Заспорили о таланте. Перебрали всех своих знакомых, но талантливых среди них так и не нашли. Потом Шумейчик почитал свои новые стихи, Брючеев его тут же поругал за излишнюю метафоричность. Горчинцев же, тот, напротив, заметил, что с метафорой Леня и близко не знаком, а вот эпитеты у него чудо как хороши. Хотя с рифмами — прямо беда, хоть совсем от них отказывайся. Поэт, понятно, обиделся. А тут еще Брючеев некстати вспомнил, как лет десять назад его сборник стихов «Дух медвяный» издательство безжалостно вычеркнуло из плана, а вместо этого выпустило роман Гулькина «Колобродье», и за столом стало совсем уж скверно.

— Кстати, сколько там времени? — среди тягостного молчания спросил Брючеев, хотя и был при часах. — Половина восьмого?

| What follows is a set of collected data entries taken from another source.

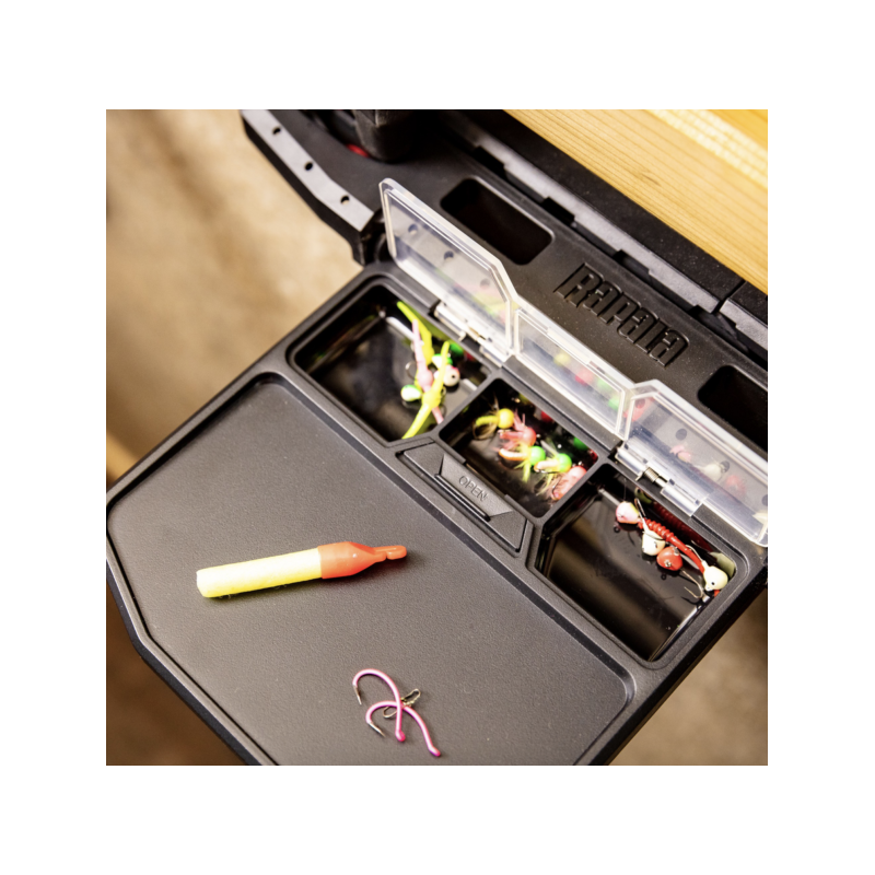 The Rapala® SmartHub® is the ultimate, versatile system that gives you endless options to interchange and adjust for your needs. With the SmartHub Work Station, you can easily tie knots, adjust hooks, and knock out other on-the-water tasks. The folding work area has clear lid compartments for lure storage and drop-in slots and hang hooks for tools like scissors and pliers. With the SmartHub Work Station, you'll have all you need, right where you want it. Attach SmartHub Work Station to SmartHub Flat Mount, which is included to the package. You can also attach it to the SmartHub Track System, which is sold separately.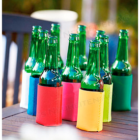 Kühlmanschette in Neopren-Optik geeignet für Flaschen und Dosen mit einem Durchmesser von ca. 7 cm.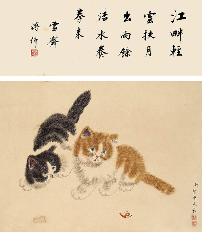 简介:曹克家(1906-1979):别名汝贤,北京人。擅长中国画,尤长工笔画猫。曾任中央工艺美术学院教师,轻工业部工艺美术公司干部,为中国美术家协会会员。爱新觉罗·溥伒(1893-1966):字雪斋、学斋,号松风主人。是道光帝的直系后人,近代书画家,与两个弟弟溥佺、溥佐均以画名,有“一门三杰”之称。其山水、花鸟、人物、鞍马均具风采,兼善画兰,风神飘逸,在画坛上堪称一绝。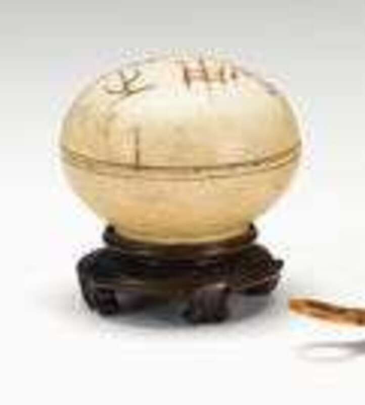 Of domed circular form, deeply incised characters and row of script to domed cover, matched rim to cover and base, raised on a circular signed foot, wood stand.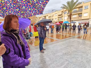 Decenas de vecinos y vecinas de Santomera se han concentrado hoy en la Plaza de la Salud, junto al centro de la Tercera Edad, para denunciar el recorte a las frecuencias los autobuses entre esta localidad y Murcia desde la entrada en vigor del nuevo mapa de movilidad.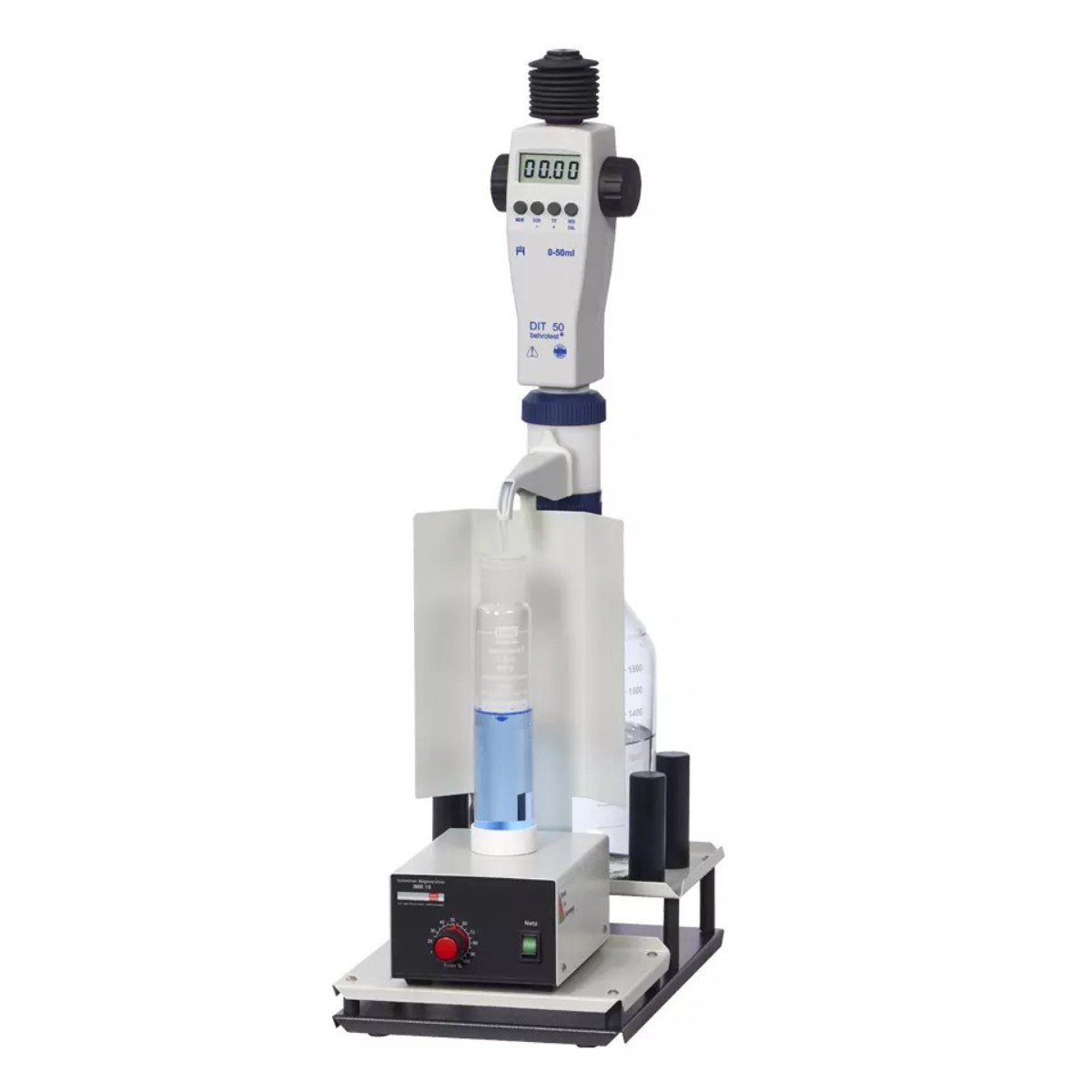 Станция ручного титрования Behr HTI 1 представляет собой комплект, состоящий из цифровой бюретки и магнитной мешалки с держателем для реакционных сосудов, и предназначена для обеспечения точного и воспроизводимого визуального титрования, в частности для определения химического потребления кислорода (ХПК) и других методов.

Странно! Борис должен был еще часов в семь прийти. Интересно, где это его черти с бутылкой носят?

Подождали еще минут десять. Рассеянно покурили, то и дело поглядывая на дверь. Потом лениво прибрали на столе, смахнули на пол хлебные крошки.

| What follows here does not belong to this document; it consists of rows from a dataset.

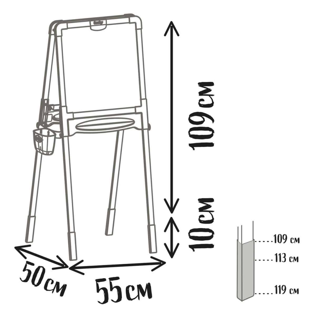 On the magnetic plastic side, children can use water-soluble felt-tip pens and 72 magnetic letters and numbers.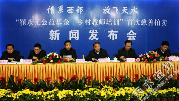 2007年9月,中央電視臺(tái)著名主持人崔永元和中國(guó)紅十字基金會(huì)共同發(fā)起成立了“崔永元公益基金”。該基金旨在募集資金,資助貧困地區(qū)鄉(xiāng)村教師提高執(zhí)教能力,改善和提高鄉(xiāng)村教學(xué)質(zhì)量,舉辦鄉(xiāng)村教師培訓(xùn)班等。在天水舉行的此次拍賣(mài)會(huì),對(duì)于貫徹十七大精神,優(yōu)先發(fā)展教育,培訓(xùn)鄉(xiāng)村教師,實(shí)現(xiàn)教育公平,具有重要意義。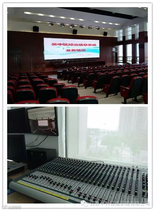 音控室包含:调音台、调光台、监听音响、LED同步显示、会场同步显示及无纸化桌牌系统为一体,以音控室为核心控制整个会议流程。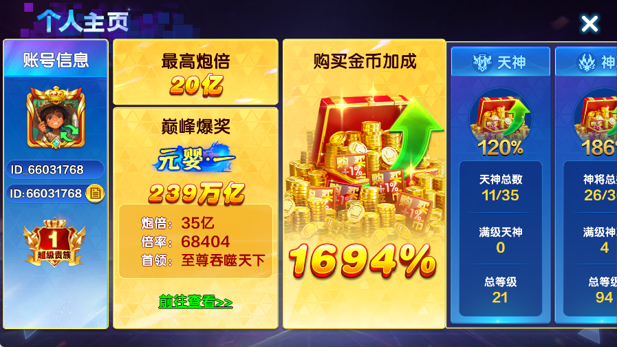 超级贵族3,金币加成2000%多,每天能领5兆多很多神将满级

— А может, ко мне зайдем? Супруга к теще поехала, я один… И коньячок в холодильнике найдется. Выпьем на посошок, и по домам? — предложил хлебосольный Горчинцев.

Так они и сделали.

А Гулькин в тот вечер, как на грех, повстречал в гастрономе известного в Городе журналиста Вертопрахова, имевшего, впрочем, и другую фамилию — Ал. Серебряный. Тут же припомнил ему одну гадкую статью в каком-то тощем журнале и даже сгоряча пообещал бедняге руки оторвать. И оторвал бы, не догадайся тот пригласить Гулькина в ближайшее кафе — обсудить вышеозначенную статью за бутылочкой пива.

Статья оказалась большой, и бутылочки на нее не хватило. Пришлось взять еще одну, плюс пятьдесят граммов коньяку на каждого. После чего Вертопрахов критику в свой адрес частично признал, хотя и заметил при этом, что печатал статью не он лично, а редактор Семитов, каковой и посоветовал журналисту вместо слова «знаменитый» написать «малозаметный», только и всего. А далее — по тексту.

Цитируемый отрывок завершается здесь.